Reviewer #2 (Public Review):

Summary:

This manuscript explores the utility of AlphaFold2 (AF2) and the author's own AF2-RAVE method for drug discovery. As has been observed elsewhere, the predictive power of docking against AF2 structures is quite limited, particularly for proteins like kinases that have non-trivial conformational dynamics. However, using enhanced sampling methods like RAVE to explore beyond AF2 starting structures leads to a significant improvement.

Strengths:

This is a nice demonstration of the utility of the authors' previously published RAVE method.

Weaknesses:

My only concern is the authors' discussion of induced fit. I'm quite confident the structures discussed are present in the absence of ligand binding, consistent with conformational selection. It seems the author's own data also argues for an important role in conformational selection. It would be nice to acknowledge this instead of going along with the common practice in drug discovery of attributing any conformational changes to induced fit without thoughtful consideration of conformational selection.

Reviewer #3 (Public Review):

In this manuscript, the authors aim to enhance AlphaFold2 for protein conformation-selective drug discovery through the integration of AlphaFold2 and physics-based methods, focusing on improving the accuracy of predicting protein structures ensemble and small molecule binding of metastable protein conformations to facilitate targeted drug design.

The major strength of the paper lies in the methodology, which includes the innovative integration of AlphaFold2 with all-atom enhanced sampling molecular dynamics and induced fit docking to produce protein ensembles with structural diversity. Moreover, the generated structures can be used as reliable crystal-like decoys to enrich metastable conformations of holo-like structures. The authors demonstrate the effectiveness of the proposed approach in producing metastable structures of three different protein kinases and perform docking with their type I and II inhibitors. The paper provides strong evidence supporting the potential impact of this technology in drug discovery. However, limitations may exist in the generalizability of the approach across other structures, especially complex structures such as protein-protein or DNA-protein complexes.

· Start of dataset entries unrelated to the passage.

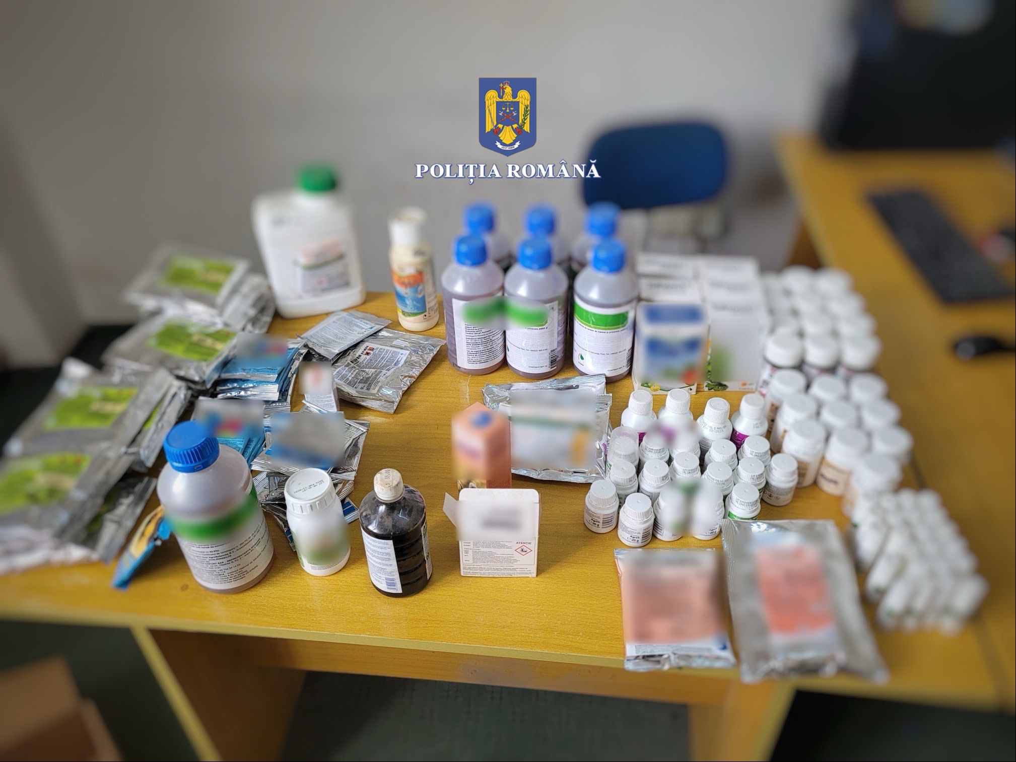 Au mai fost ridicate în vederea confiscării 76 de flacoane, 47 de fiole și 52 de plicuri cu fungicide, insecticide și erbicide.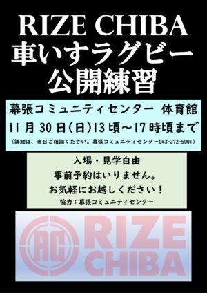 11月30日(日)ウィルチェアラグビー応援事業!RIZE CHIBA 公開練習!New!!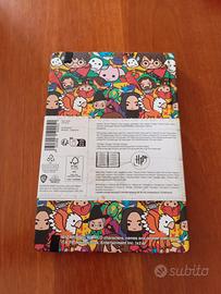 - Copertina rigida con stampa colorata di personaggi e simboli di Harry Potter.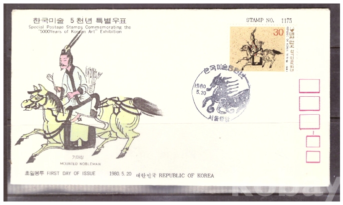 (초일봉피) 1980.5.20 한국미술 5천년 특별우표*기마상 FDC (서울중앙)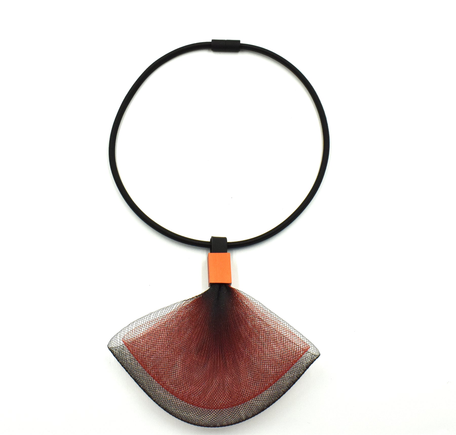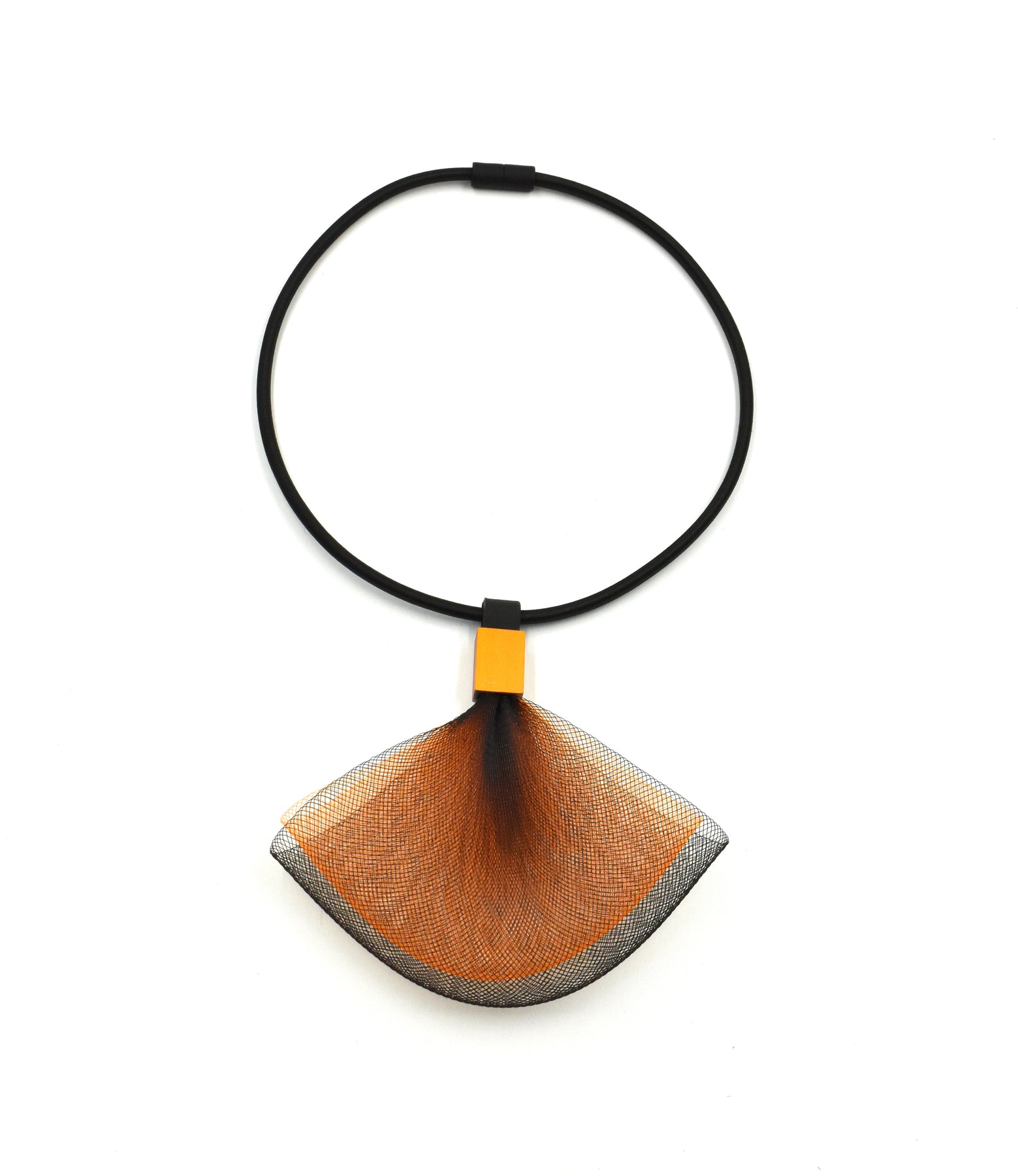 A bold and sophisticated handmade necklace that combines contemporary artistry with lightweight elegance. Designed with fluid black mesh that forms an organic silhouette, it is accented by vibrant inner lines in diferent tones held together with sleek metallic details.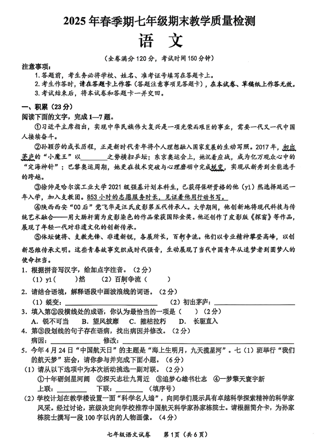 2024-2025学年广西玉林七年级下册语文期末真题(图片版)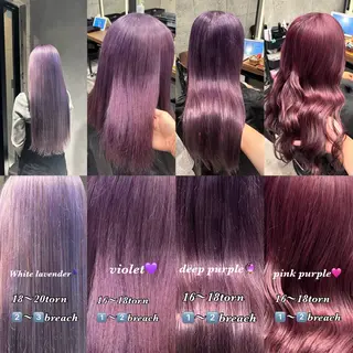 💜menu💜《ロング料金》肩まで¥550鎖骨¥1100胸¥1650それ以上¥2200〜《ケアブリーチの効果》⭐︎毛髪内部補強⭐︎仕上がりの質感upカラー料金➕¥1100で髪の毛の手触りをよくし艶やかになる《マグネットカラー》に変更可能です☺︎《マグネットカラーの効果》⭐︎毛髪内の潤いが持続⭐︎熱ダメージから髪を守る⭐︎キューティクルを補修し艶やかな髪に!!⭐︎毛髪強度ハリコシup⭐︎ダメージ軽減⭐︎発色、色持ちupデザインカラーは+¥1100かかります。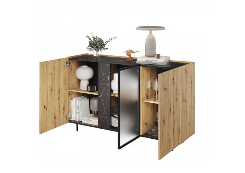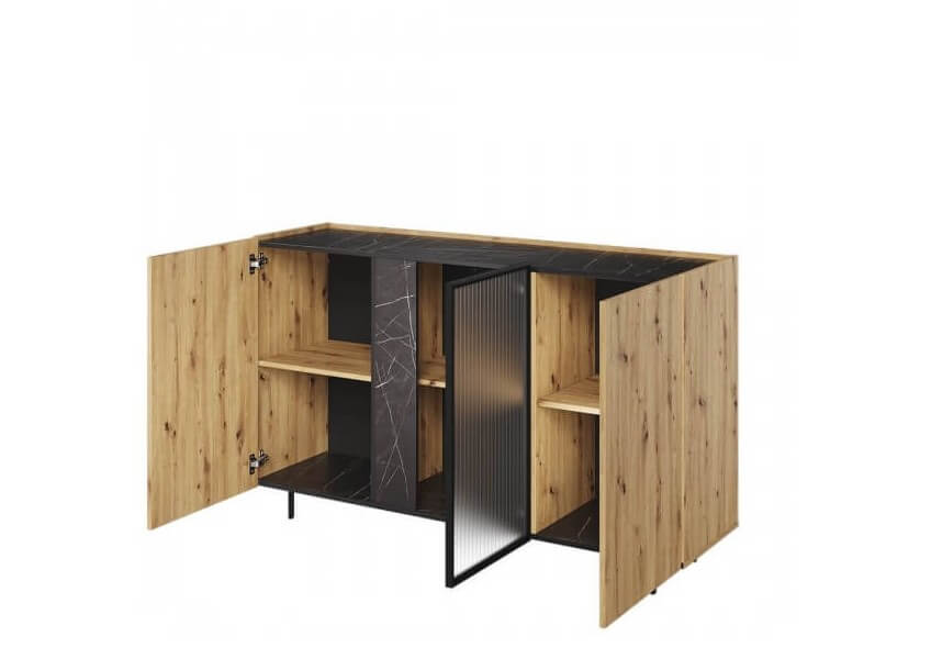 Komoda 3-drzwiowa o długości 150 cm Marmo to niezwykle pojemny mebel, który pomoże utrzymać porządek wśród różnych akcesoriów. Jej wnętrze skrywa przestronne półki, które zapewnią dużo miejsca na przechowywanie. Komoda została zaprojektowana z myślą o praktyczności – obniżony blat chroni przed przypadkowym przewróceniem się wyeksponowanych przedmiotów.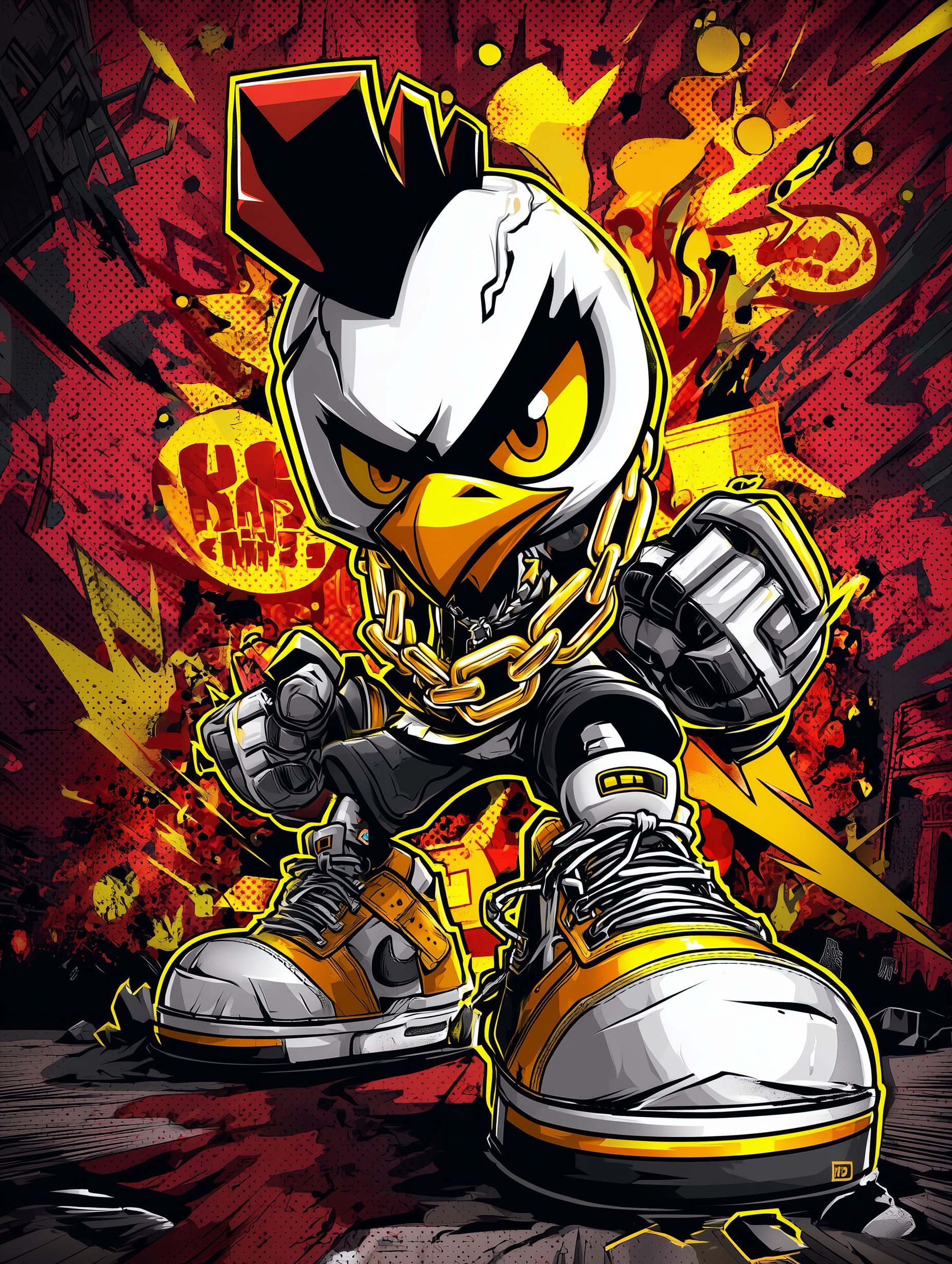 "New school graffiti illustration of a chibi chicken mascot with a sharp beak grin, exaggerated eyes, cracked puffed body, streetwear sneakers, and heavy gold chain in an explosive pose. Thick black outlines, neon yellow accents, red-yellow-black palette, halftone shading, dripping spray paint, and smoke clouds. Grunge wall background with a chicken and rooster in motion blur. Bold t-shirt print layout."Try this prompt in any decent AI image generator and let me know your result.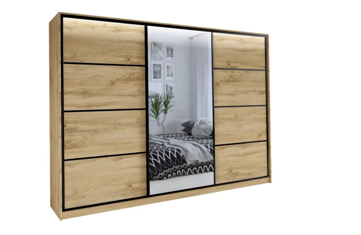 Šatní skříň HARAZIA 280 se zrcadlem, dub wotan Skříně a skřínky
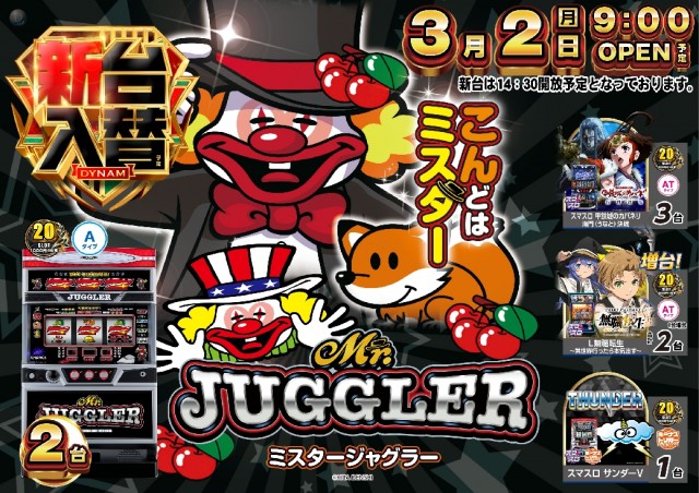本日3月2日(月)新台入替(予定)!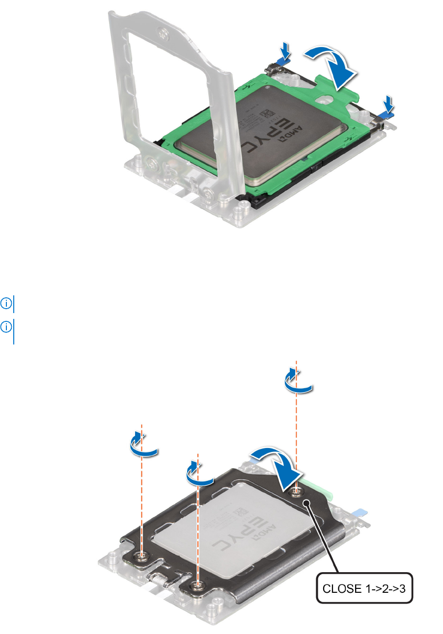 REMARQUE : Appuyez sur la plaque de pression lorsque vous serrez les vis afin d’éviter de faire basculer le capot du processeur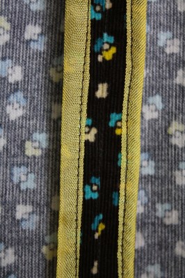 I could have drafted a lining (or used an underlining)….could have made facings instead of using bias tape….but I’m lazy (and have plenty of pattern drafting to do for class at the moment).  So, I used a baby wale cotton corduroy, which makes it slightly more acceptable to not have a lining.

The authors largely achieved their aims by demonstrating that the AF2RAVE-Glide workflow can generate holo-like structure candidates with a 50% successful docking rate for known type II inhibitors. This work is likely to have a significant impact on the field by offering a more precise and efficient method for predicting protein structure ensemble, which is essential for designing targeted drugs. The utility of the integrated AF2RAVE-Glide approach may streamline the drug discovery process, potentially leading to the development of more effective and specific medications for various diseases.